In this paper, Lamport described in a distributed system, using incrementing counter to keep the order of the events.When a message is sent, the sender will increase before the message is the receiver receives the value of the counter.
We can simplify the idea, because in our scenario a log block can only come from a sender.Increasing process as long as the value of the counter, can let after log collection work easier.
The rest of the work is on the log blocks according to the value of the counter arrangement.
Difficulty is that this design is equivalent to allow to write the piece of log database, these small log piece only at the end of the corresponding task will be written to the full in the log.
But this will directly affect the user interface.We have to face in disorderly way of news is coming.This change affect the scope of large, but it is, in turn, simplify the many parts of the code.
On the surface, this seems to be irrelevant.But depends on the order that you should not need to rely on can bring more potential complexity.
Now we don't have to depend on how information is transmitted, because now we can get their order at any time.
We have modified the code, because the code makes a hypothesis, any information is order, and this assumption is completely wrong.In a distributed system, events can be in any order at any time.We only need to make sure that we can put these pieces back together again.

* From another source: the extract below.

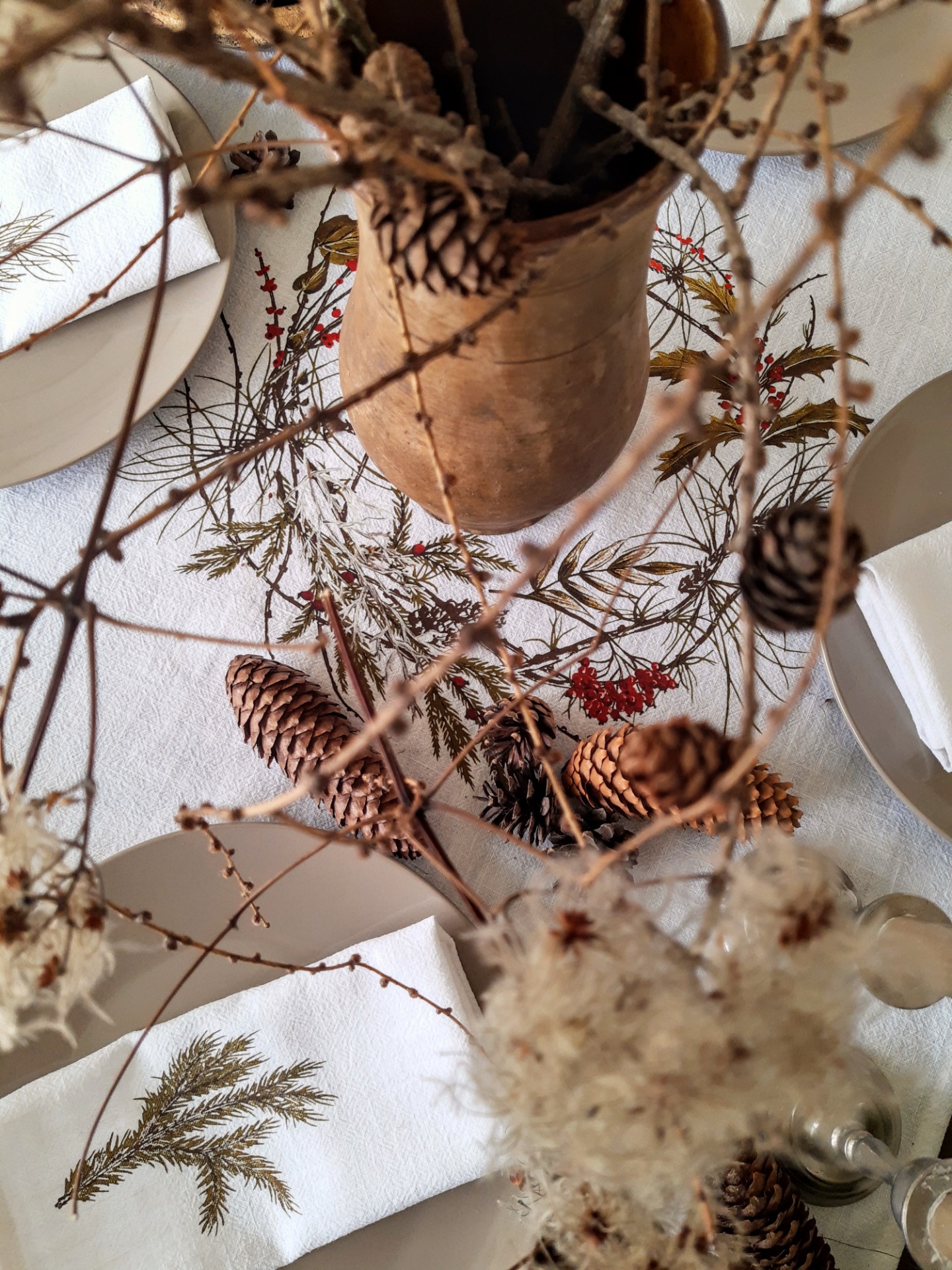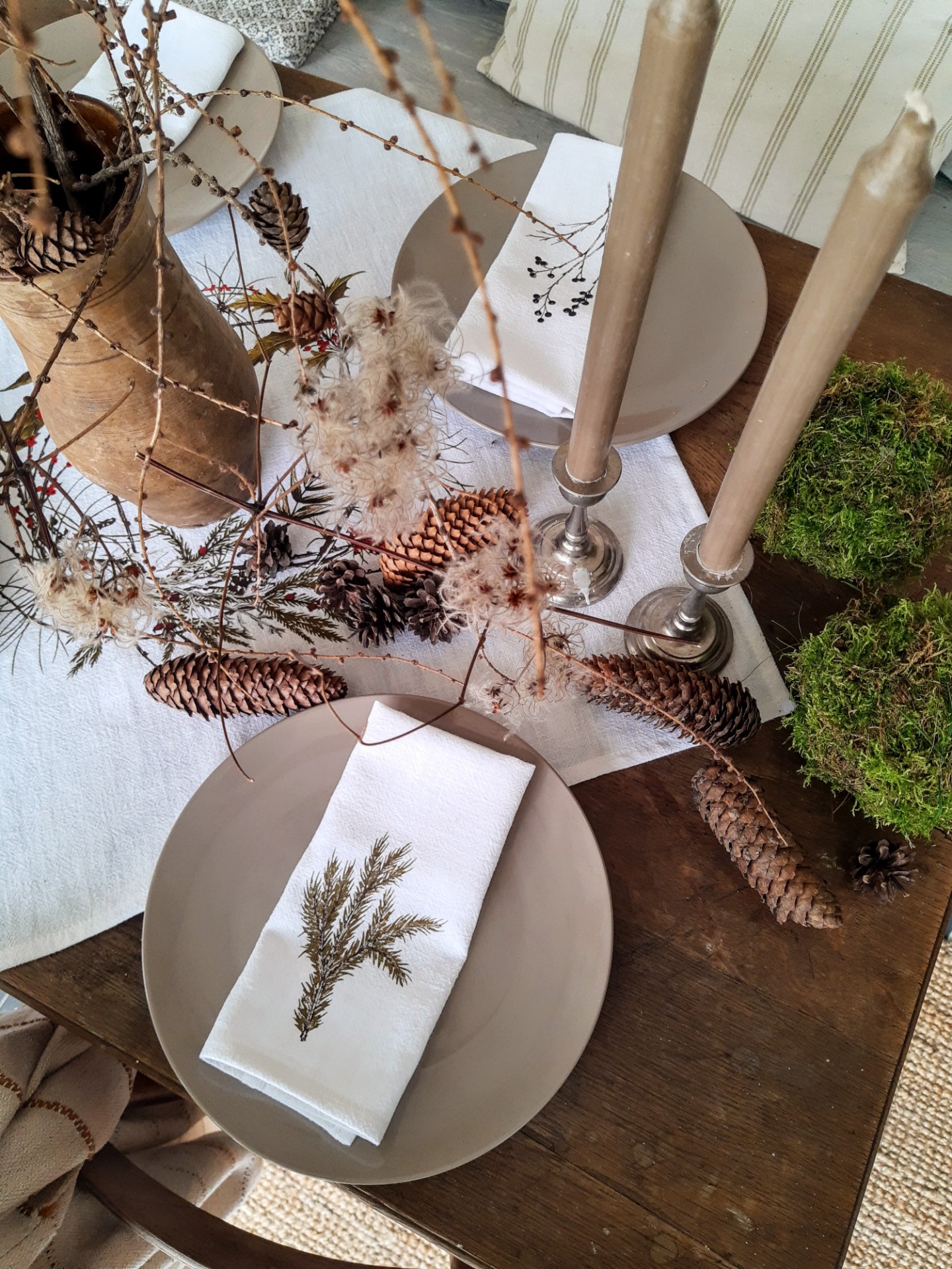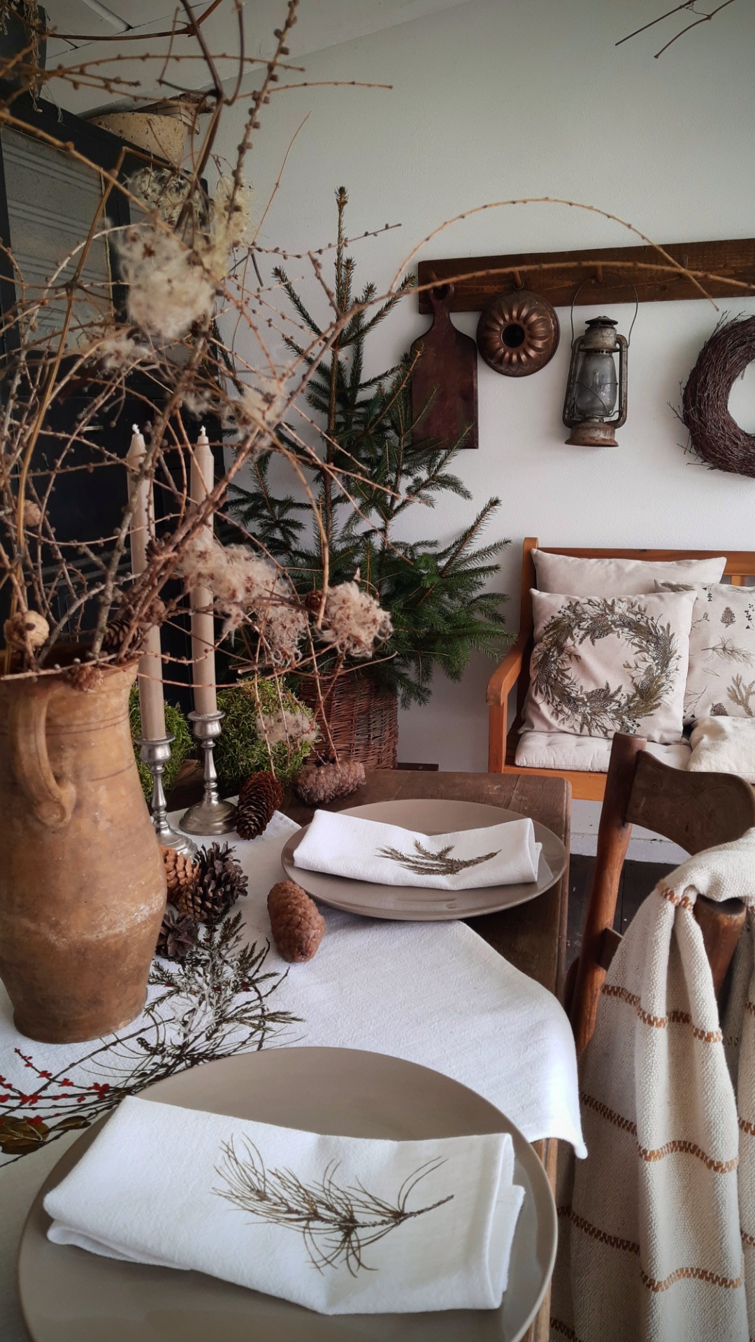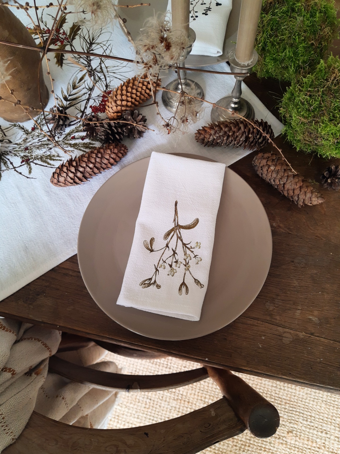 Toto ľanové prestieranie sme vytvorili na dokombinovanie k našim zimným obrusom a štólam z bieleho ľanu. Odtieň zelenej je prispôsobený tak, aby vám spolu krásne ladili.

You can get this question from our blog more detailed instructions.
In 2013, we have been running build 45000 times a day.We are still in the price for the design of the earlier, but we are slowly improving design.
We have a problem now.All system components or share the same database.If the database problems, nature will be the problems all the components.The failure last week we just met once.
It also means the number of log write (now can reach 300 times per second) the performance of the affected our API, when users browse our user interface may be a little more slowly.
In addition, when we when considered from the number of build tasks, our next challenge is how to expand our data capacity.
Travis CI in 500 to build running on the server, it can no longer be a small distributed system.We are now begin to address the problem was from a relatively small dimensions to consider, but even in that dimension, you can also meet lots of interesting challenges.According to our experience, simple and direct solution is always better than the more complex.